(Beginning of RECORDED INFORMATION)

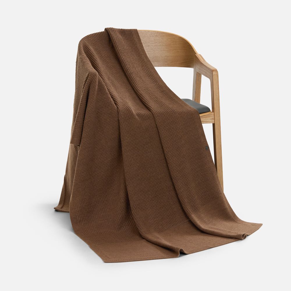 Плед Voyage соткан из мягкого сочетания шерсти и акрила — нежный, теплый и невесомый, он словно создан для уютных вечеров. Кнопка позволяет превратить плед в элегантную накидку, когда воздух становится прохладнее.
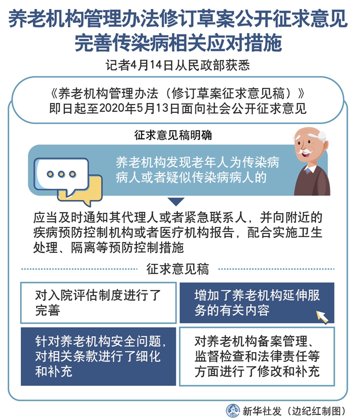 新華社北京4月14日電(記者孫少龍)記者14日從民政部獲悉,《養(yǎng)老機(jī)構(gòu)管理辦法(修訂草案征求意見(jiàn)稿)》即日起至2020年5月13日面向社會(huì)公開(kāi)征求意見(jiàn),結(jié)合新冠肺炎疫情防控要求,征求意見(jiàn)稿依法完善了養(yǎng)老機(jī)構(gòu)發(fā)現(xiàn)老年人為傳染病病人或者疑似傳染病病人時(shí)的應(yīng)對(duì)措施。
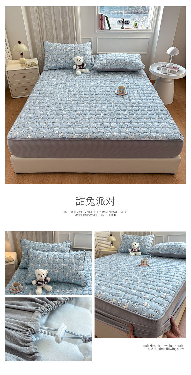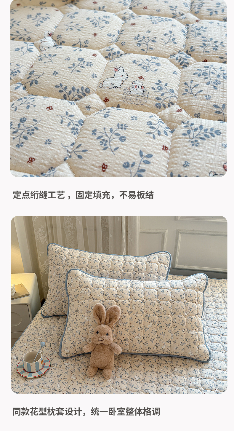 商品名称:居眠 2026新款印花皱皱纱夹棉床笠 甜兔派对
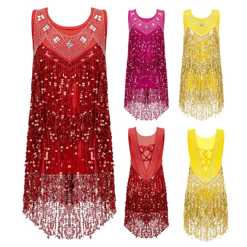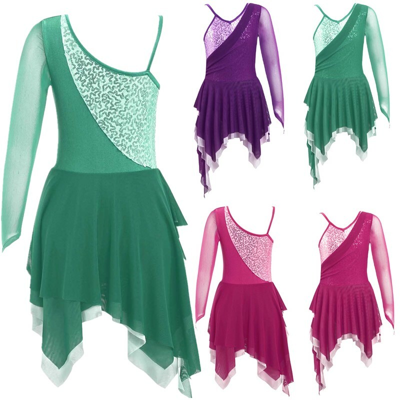 Dance leotard dress is made of polyester and sequins material, hand wash.

(End of RECORDED INFORMATION)

- _WHAT YOU NEED TO DO_:
The material should be returned verbatim, with all images omitted.

- _ANSWER FOR THE TASK_:
 Плед Voyage соткан из мягкого сочетания шерсти и акрила — нежный, теплый и невесомый, он словно создан для уютных вечеров. Кнопка позволяет превратить плед в элегантную накидку, когда воздух становится прохладнее.
 新華社北京4月14日電(記者孫少龍)記者14日從民政部獲悉,《養(yǎng)老機(jī)構(gòu)管理辦法(修訂草案征求意見(jiàn)稿)》即日起至2020年5月13日面向社會(huì)公開(kāi)征求意見(jiàn),結(jié)合新冠肺炎疫情防控要求,征求意見(jiàn)稿依法完善了養(yǎng)老機(jī)構(gòu)發(fā)現(xiàn)老年人為傳染病病人或者疑似傳染病病人時(shí)的應(yīng)對(duì)措施。
 商品名称:居眠 2026新款印花皱皱纱夹棉床笠 甜兔派对
 Dance leotard dress is made of polyester and sequins material, hand wash.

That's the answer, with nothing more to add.